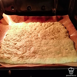 Тесто получается тугим и липким, поэтому распределяем тесто мокрыми руками по пергаменту или коврику.
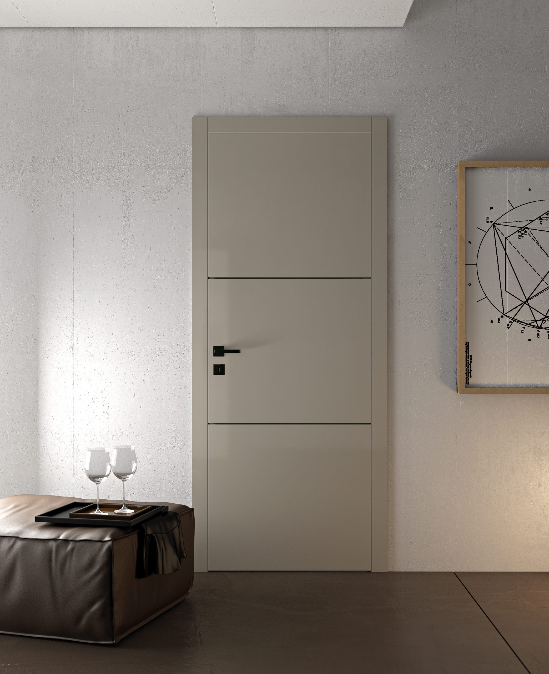 Bloc-porte DÉCO, modèle Riga Modena, laque Argilla, largeur 83 cm, poignée Genoa noire
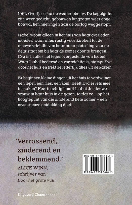 Maar dan beginnen er kleine dingen – een lepel, een mes, een kom – uit het huis te verdwijnen. Heeft Eva er iets mee te maken? Dat idee laat Isabel niet los. Koortsachtig houdt ze de nieuwe vrouw in de gaten, totdat ze – op het hoogtepunt van die zinderend hete zomer – een mysterieuze ontdekking doet waardoor netjes afgedekte geheimen haar plotseling keihard in het gezicht slaan. Misschien is de oorlog niet helemaal voorbij.
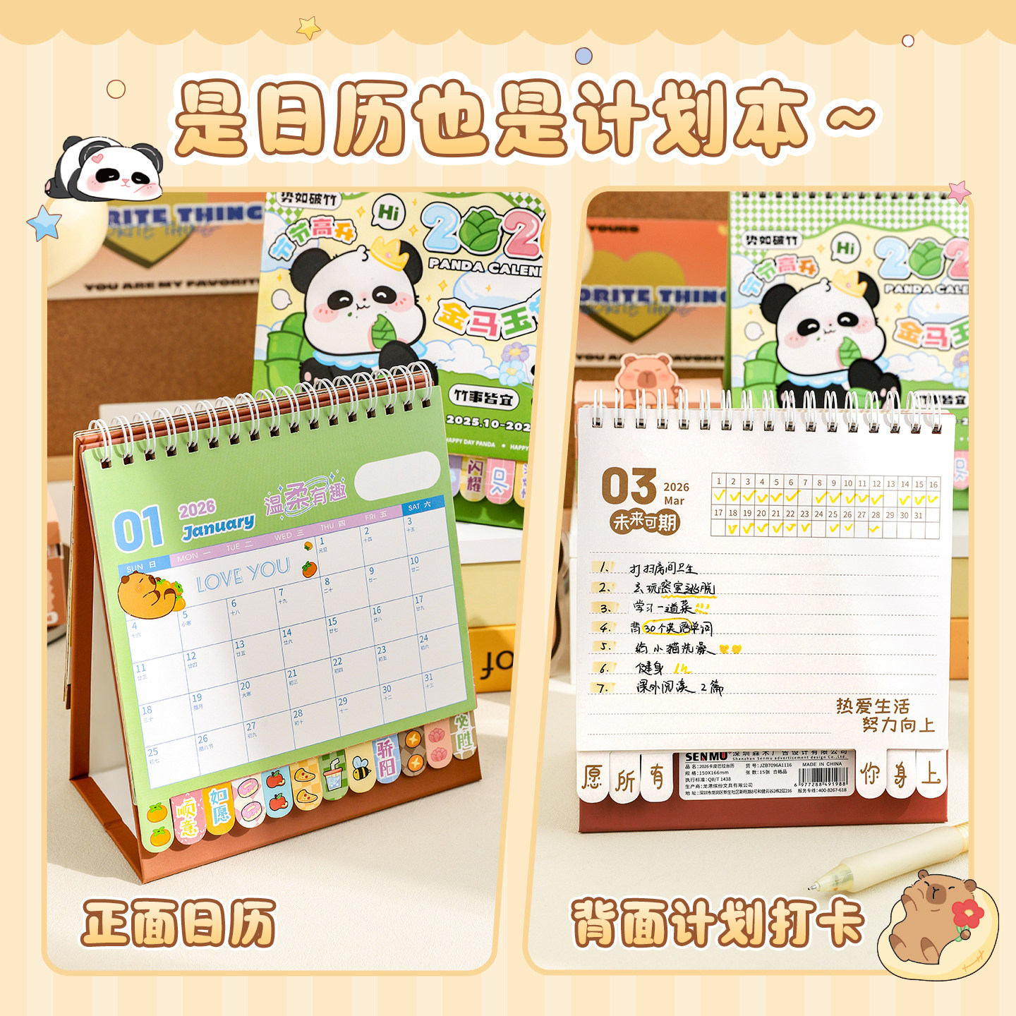 2026年新款台历创意卡通日历全年马年迷你小台历桌面摆件办公室学生每日计划表工作自律打卡记事mini计划月历
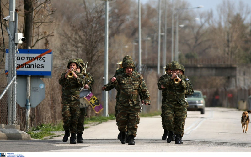 Μια χαρακτηριστική στιγμή από τις Καστανιές του Έβρου με την ανάκρουση του εθνικού ύμνου και το παιάνισμα του «Μακεδονία Ξακουστή» από τη μπάντα του στρατού κατέγραψε ο τηλεοπτικός φακός.
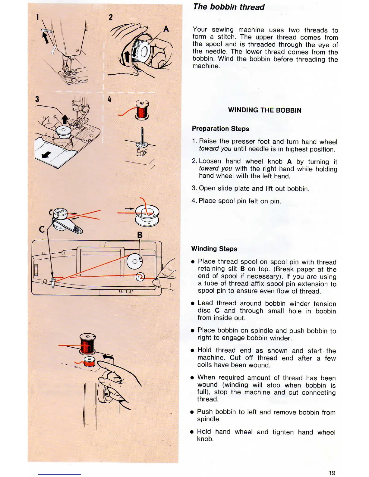 Singer 7174; 7184 - The Bobbin Thread; Winding the Bobbin; Preparation Steps; Winding Steps
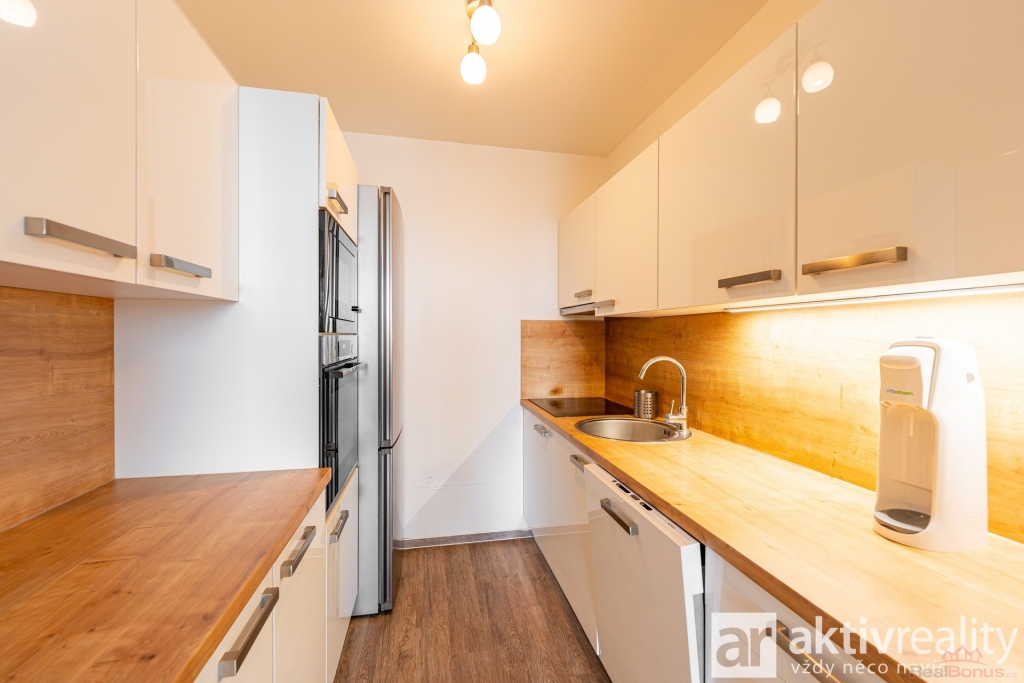 Nabízím k prodeji kompletně rekonstruovaný byt v osobním vlastnictví o dispozici 2+kk s lodžií, nacházející se v 7. patře zatepleného panelového domu s výtahem.

***

Nothing but the lines from the beginning of the material through the line with "Bloc-porte DÉCO, modèle" should appear, printed exactly, with no pictures among them.

## [Exercise output]
 Тесто получается тугим и липким, поэтому распределяем тесто мокрыми руками по пергаменту или коврику.
 Bloc-porte DÉCO, modèle Riga Modena, laque Argilla, largeur 83 cm, poignée Genoa noire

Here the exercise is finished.